There is an error in your argument for (b). It is quite possible for two sets to have the same infinite cardinality but have one be a proper subset of the other. For example, $\{0,1,2,\dots\}$ and $\{0,2,4,\dots,\}$ have the same cardinality, but they can be compared via inclusion. Indeed, one definition of being $X$ being infinite is that $X$ has a proper subset of the same cardinality.

Indeed, there is a definition of the real line which essentially gives for each real $x$ an $A_x\subset \mathbb Q$ such that if $x<y$ then $A_x\subset A_y$.

Since you were wrong in (b), your argument for (c) is incorrect, since it uses the same flawed argument.

For (c), for each $X\subseteq \mathbb N$, define $o(X)=\{2n: n\in X\}\cup \{2n+1:n\notin X\}$. So that if $X\neq Y$ then $o(X)$ and $o(Y)$ are incomparable. In particlar, $o(X)\neq O(Y)$, so we have an anti-chain in $1-1$ correspondence with $\mathcal P(\mathbb N)$.

Answer 2

Ok so your a) is correct, upper bounds exist.

Your b) is wrong, for two reasons firstly your proof is incorrect, and secondly the answer is actually yes.

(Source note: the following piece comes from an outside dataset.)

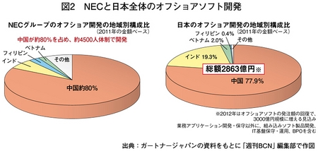 図2で示した通り、2011年の日本のオフショアソフト開発の総額は約2863億円で、うち中国は77.9%を占めており、圧倒的に多い。ガートナー ジャパンはオフショア開発の発注額が増加傾向にあることから2012年は再び3000億円規模に回復するとみている。NECのオフショア開発を地域別でみても、約80%は中国が占めており、残り約20%はインドやフィリピン、ベトナム、その他となっている。NECの山元正人常務によれば、「中国では約4500人体制でソフト開発に当たっている」といい、その規模の大きさがうかがえる。
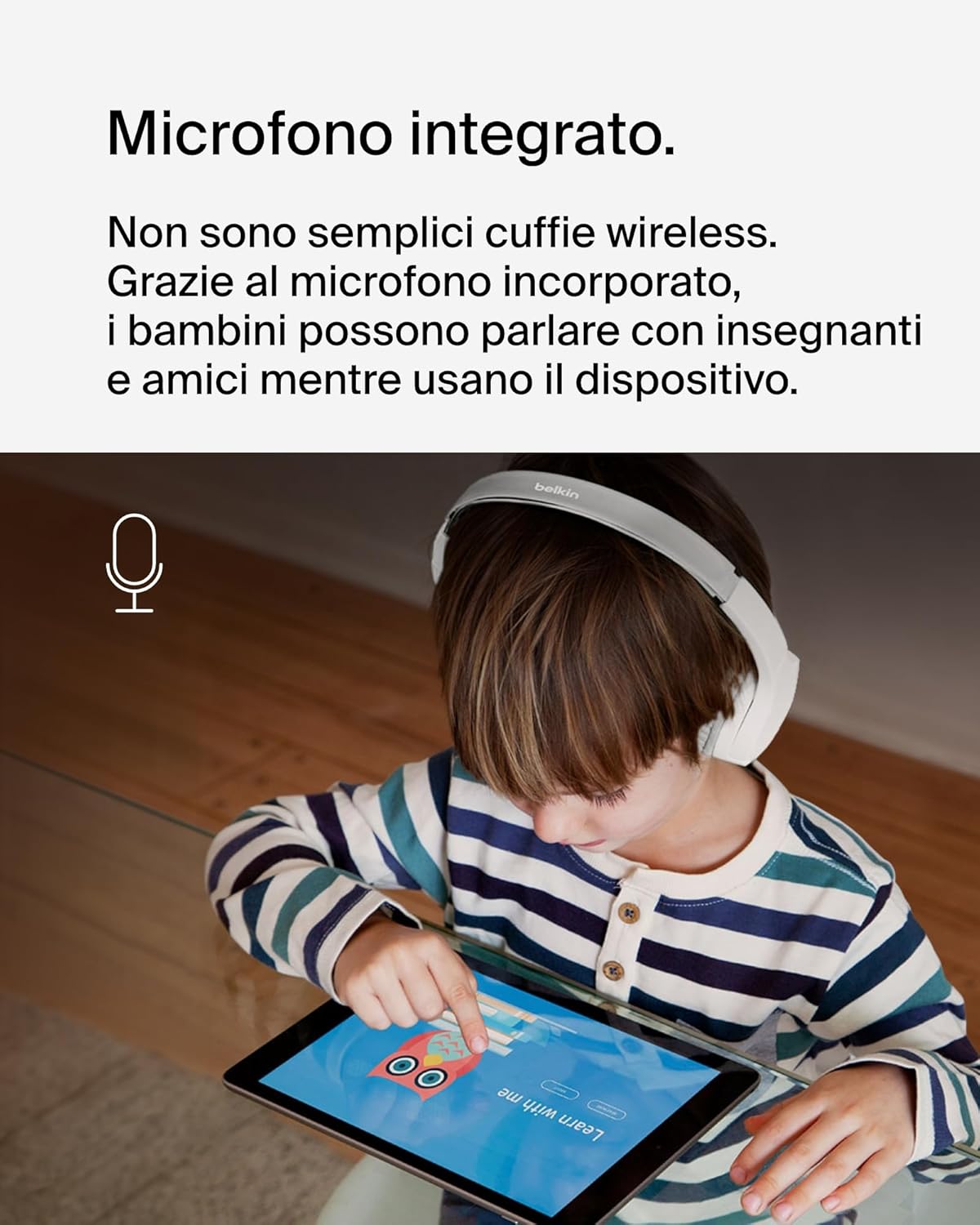 Microphone & Safety: Use the built-in microphone for video and audio calls, with belkin’s signature sound, which is tuned to children’s levels, the headphones have a high volume of 85db to protect ears

To see the flaw in your proof let $a\in A$ then $A\setminus\{a\}, A$ is a chain in the partial order yet $|A\setminus\{a\}|=|A|$ as $A$ is infinite.

To prove b) is true you need a trick. Firstly $|\mathcal{P}(A)|=|\mathbb{R}|$ and $|A|=|\mathbb{Q}|$.

So put $A$ in bijection with $\mathbb{Q}$, and consider dedekind cuts. We can associate a real number $x$ uniquely with a pair $(P_x,Q_x)$ where $P_x=\{p\in\mathbb{Q}\,:\, p\leq x\}$ and $Q_x=\{q\in\mathbb{Q}\,:\, x<q\}$, so now for each real number we have a set $P_x$ of rationals, and you can see that $x<y$ implies $P_x\subset P_y$. So replace the elements of $P_x$ with those in $A$ using our bijection and you have your continuum chain.

Answer 3

Your answer to (a) is correct.

Your answer to (b) is incorrect. The statement "if two sets have the same number of elements, then one cannot be a proper subset of the other" only holds for finite sets. Let $A=\{x+iy:x,y=1,2,3,\dots\}$, the Gaussian integers in the open first quadrant; of course $|A|=\aleph_0\cdot\aleph_0=\aleph_0$. For each angle $\theta\in(0,\frac{\pi}2)$ let $S_{\theta}=\{z\in A:0\lt\arg z\lt\theta\}\in\mathcal P(A)$. It's easy to see that $\{S_{\theta}:\theta\in(0,\frac{\pi}2)\}$ is a chain of the cardinality of the continuum.

For (c), let $\mathbb Q=\{q_n:n\in\mathbb N\}$ be an enumeration of the rational numbers. For each real number $t$ let $X_t=\{n:q_n\lt t\}\cup\{n+i:q_n\gt t\}\in\mathcal P(A)$. It's easy to see that $\{X_t:t\in\mathbb R\}$ is an antichain of the cardinality of the continuum.